Infusion, zuhause gegeben, wird nicht bezahlt

St Ingbert · Um einer pflegebedürftigen 93-Jährigen das Krankenhaus zu ersparen, bat ihre Schwiegertochter den Pflegedienst, ihr eine Infusion als Flüssigkeitssubstitution zu geben. Die Krankenkasse weigert sich nun, das zu zahlen.
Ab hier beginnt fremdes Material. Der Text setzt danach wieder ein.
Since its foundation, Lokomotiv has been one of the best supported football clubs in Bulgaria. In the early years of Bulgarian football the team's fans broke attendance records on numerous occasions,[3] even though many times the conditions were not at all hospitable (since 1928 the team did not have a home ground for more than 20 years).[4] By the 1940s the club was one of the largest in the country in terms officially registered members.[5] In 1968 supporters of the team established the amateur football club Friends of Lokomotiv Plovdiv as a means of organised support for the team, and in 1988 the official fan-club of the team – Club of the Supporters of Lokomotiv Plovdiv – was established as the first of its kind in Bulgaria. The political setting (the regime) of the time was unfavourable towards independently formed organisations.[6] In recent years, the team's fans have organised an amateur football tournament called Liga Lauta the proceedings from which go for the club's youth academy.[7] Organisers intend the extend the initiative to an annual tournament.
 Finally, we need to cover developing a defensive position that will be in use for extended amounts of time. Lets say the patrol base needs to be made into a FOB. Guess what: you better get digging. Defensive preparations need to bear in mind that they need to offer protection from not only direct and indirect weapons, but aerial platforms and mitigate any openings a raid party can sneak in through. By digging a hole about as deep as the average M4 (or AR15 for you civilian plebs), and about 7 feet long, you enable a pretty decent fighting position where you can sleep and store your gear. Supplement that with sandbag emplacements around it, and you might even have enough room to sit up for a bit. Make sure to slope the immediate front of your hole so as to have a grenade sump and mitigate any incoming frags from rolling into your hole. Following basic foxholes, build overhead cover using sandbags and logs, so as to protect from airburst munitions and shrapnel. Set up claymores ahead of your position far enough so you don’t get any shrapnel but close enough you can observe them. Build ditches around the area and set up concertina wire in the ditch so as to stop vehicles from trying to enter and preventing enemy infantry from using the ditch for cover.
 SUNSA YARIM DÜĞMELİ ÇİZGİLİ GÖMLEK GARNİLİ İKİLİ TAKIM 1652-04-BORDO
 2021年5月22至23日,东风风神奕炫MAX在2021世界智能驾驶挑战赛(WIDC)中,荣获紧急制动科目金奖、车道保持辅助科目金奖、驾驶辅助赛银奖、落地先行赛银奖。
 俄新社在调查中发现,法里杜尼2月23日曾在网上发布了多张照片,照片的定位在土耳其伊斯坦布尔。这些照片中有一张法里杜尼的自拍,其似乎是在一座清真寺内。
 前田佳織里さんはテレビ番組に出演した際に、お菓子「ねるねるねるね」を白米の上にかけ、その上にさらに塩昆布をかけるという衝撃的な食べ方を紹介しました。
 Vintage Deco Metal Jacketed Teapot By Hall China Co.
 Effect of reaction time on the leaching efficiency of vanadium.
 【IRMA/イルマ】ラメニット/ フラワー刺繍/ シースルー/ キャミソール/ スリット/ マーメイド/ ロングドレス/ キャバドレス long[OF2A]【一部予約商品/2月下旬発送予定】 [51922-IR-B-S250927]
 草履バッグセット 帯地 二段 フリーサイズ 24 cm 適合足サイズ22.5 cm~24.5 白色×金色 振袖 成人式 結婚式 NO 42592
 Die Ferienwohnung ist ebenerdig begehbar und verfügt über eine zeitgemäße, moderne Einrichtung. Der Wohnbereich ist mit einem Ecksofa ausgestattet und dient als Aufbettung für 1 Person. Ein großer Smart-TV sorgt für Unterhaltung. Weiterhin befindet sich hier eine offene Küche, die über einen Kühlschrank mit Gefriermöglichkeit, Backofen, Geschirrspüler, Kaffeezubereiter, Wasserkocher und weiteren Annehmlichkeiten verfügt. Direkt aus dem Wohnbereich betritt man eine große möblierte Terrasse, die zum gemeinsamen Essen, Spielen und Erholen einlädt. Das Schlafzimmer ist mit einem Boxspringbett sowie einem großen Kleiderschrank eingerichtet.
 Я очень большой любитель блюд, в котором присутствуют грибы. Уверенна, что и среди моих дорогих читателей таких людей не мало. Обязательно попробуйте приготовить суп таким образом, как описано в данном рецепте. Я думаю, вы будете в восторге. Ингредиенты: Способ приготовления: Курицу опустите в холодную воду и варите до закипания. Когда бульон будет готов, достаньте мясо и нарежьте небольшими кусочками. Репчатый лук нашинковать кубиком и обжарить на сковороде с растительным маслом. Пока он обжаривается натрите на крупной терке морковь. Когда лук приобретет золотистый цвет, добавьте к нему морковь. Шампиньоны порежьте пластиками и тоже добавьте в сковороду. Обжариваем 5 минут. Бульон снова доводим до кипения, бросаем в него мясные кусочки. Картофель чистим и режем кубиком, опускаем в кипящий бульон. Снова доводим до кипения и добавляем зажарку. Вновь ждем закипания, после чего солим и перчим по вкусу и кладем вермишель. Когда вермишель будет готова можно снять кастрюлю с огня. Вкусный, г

Eine 93-jährige Frau aus St. Ingbert hat Pflegestufe III und lebt bei ihrem Sohn und ihrer Schwiegertochter. Als die Frau nicht genug trinkt und eine Infusion nötig wird, beschließen die beiden, der Frau den Krankentransport ins Krankenhaus zu ersparen und lassen ihr zuhause Infusionen verabreichen. "Der Pflegedienst war da, die Infusion wurde gegeben, nur teilte uns die Krankenkasse, die AOK , mit, dass sie das nicht übernimmt", berichtet die Schwiegertochter, als sie sich deswegen völlig aufgebracht, an unsere Zeitung wendet. Sie sagt, sie habe der alten Frau zum einen die Anstrengung ersparen wollen, ins Krankenhaus gebracht werden zu müssen, andererseits dachte sie, der Krankenkasse so auch Geld zu sparen. 150 Euro soll die Familie für die Infusion zahlen. Medizinisch begründet war die Gabe der Infusion laut der Schwiegertochter, eine Einweisung habe es gegeben. Die Krankenkasse erteilte aber eine Absage: Die Leistung stünde nicht im AOK-Leistungskatalog.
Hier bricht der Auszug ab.